Nattokinase is one kind of serine protein generated by Bacillus subtils natto. In 1987, Japanese scholar Dr. Hiroyuki Sumi discovered it in natto food and named it nattokinase. In the initial study, the enzyme extract added to fibrin plate showed obvious thrombolysis function, this effect identified the fibrinolytic activity of the kinase. Compared to existing thrombolytic agents, NK has a longer half-life in vivo (2-8 h), less antigenicity and side effects, widely source of raw material and remains active in the gastrointestinal pH environment, etc. It can directly act on the main constituents of thrombus-fibrin, and indirectly activate the internal plasminogen to dissolve fibrin. Therefore, nattokinase becomes a potential new thrombolytic medicine, and attracts the attention of scholars. The current production methods of nattokinase mainly rely on extraction and purification from Bacillus natto fermentation broth. But since the high cost of raw materials of this method, and the unsatisfactory activity, the mass production of nattokinase is limited.

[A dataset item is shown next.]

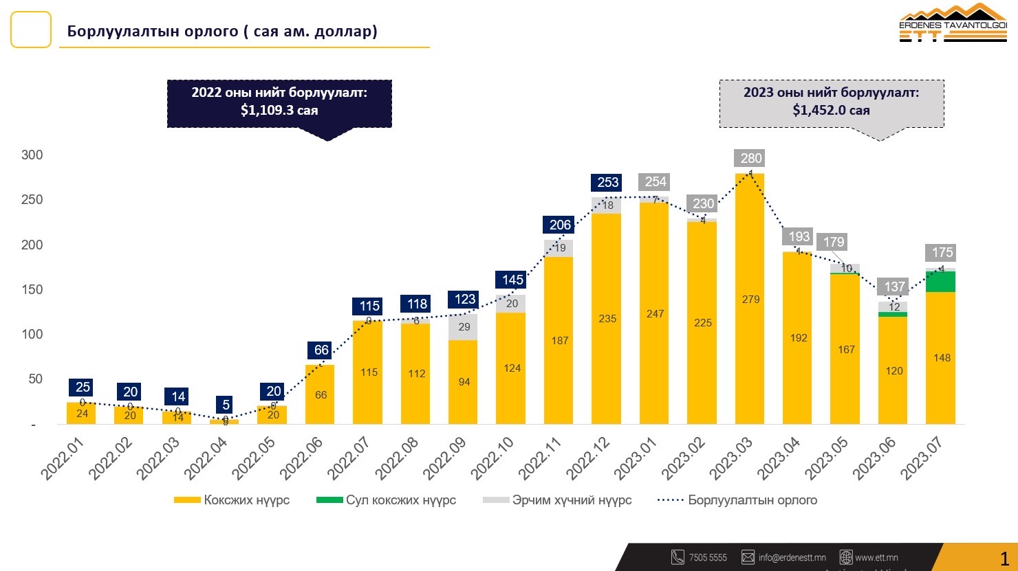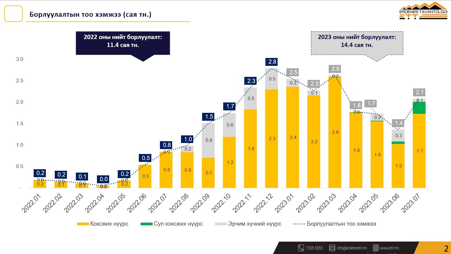“ЭРДЭНЭС ТАВАНТОЛГОЙ“ ХК 2023 ОНЫ ЭХНИЙ 7 САРЫН БАЙДЛААР 14.4 САЯ ТОНН НҮҮРС БОРЛУУЛАВ

In recent years, scholars hope to produce recombinant nattokinase through genetic engineering techniques, and have made some progresses. The major evolution is cloning the gene of nattokinase, using the E.coli or pichia pastoris expression system and obtaining nattokinase via purification methods. But the large-scale fermentation of recombined nattokinase are rarely reported. In this experiment we extracted the genomic DNA from Bacillus natto and cloned the sequences encoding the mature peptide, then linked the fragment to the expression vector pPICZaC, named as pPICZaC-NK. The vector was imported into pichia pastoris X-33 by electroporation in the following procedure. Then the positive clones were selected and used for identification and analysis. Finally the highly expressing clone were selected and applied in a 30L fermenter for large-scale fermentation study, by which we established the large-scale fermentation process for nattokinase and could provide an experimental basis for its industrialization..

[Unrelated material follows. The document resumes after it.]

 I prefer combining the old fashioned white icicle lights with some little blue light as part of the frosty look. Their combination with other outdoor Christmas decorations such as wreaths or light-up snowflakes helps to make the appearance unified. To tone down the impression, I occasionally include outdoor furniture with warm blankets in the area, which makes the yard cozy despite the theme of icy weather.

1. Cloning and identification of NK
Genomic DNA was extracted from Bacillus natto, the sequence of nattokinase coding region was cloned from genomic DNA by PCR and linked to pMD18-T vector, so the recombinant cloning vector pMD18-T-NK was established. After the digestion by restriction enzyme, according to the reports of other literatures, an specific band appeared at the position of 1220 kb. The above steps have made the foundation of the expression of recombinant Nattokinase.
2. Construction of recombinant expression vector pPICZaC-NK
The cloning vector pMD18-T-NK was used as template, with the method of PCR, a restriction site Xho I and a signal recognition site Kex2 were inducted in the 5'terminal of the nattokinase mature peptide gene, besides, the other restriction site EcoR I was inducted in the 3' terminal. The production of PCR was digested by Xho I and EcoR I, linked to the plasmid pPICZaC, which had been digested by the same two restriction enzymes, so the recombinant expression vector pPICZα-NK was made. Restriction enzyme digestion and DNA sequencing showed that the construction of vector pPICZa-NK achieved the desired effect.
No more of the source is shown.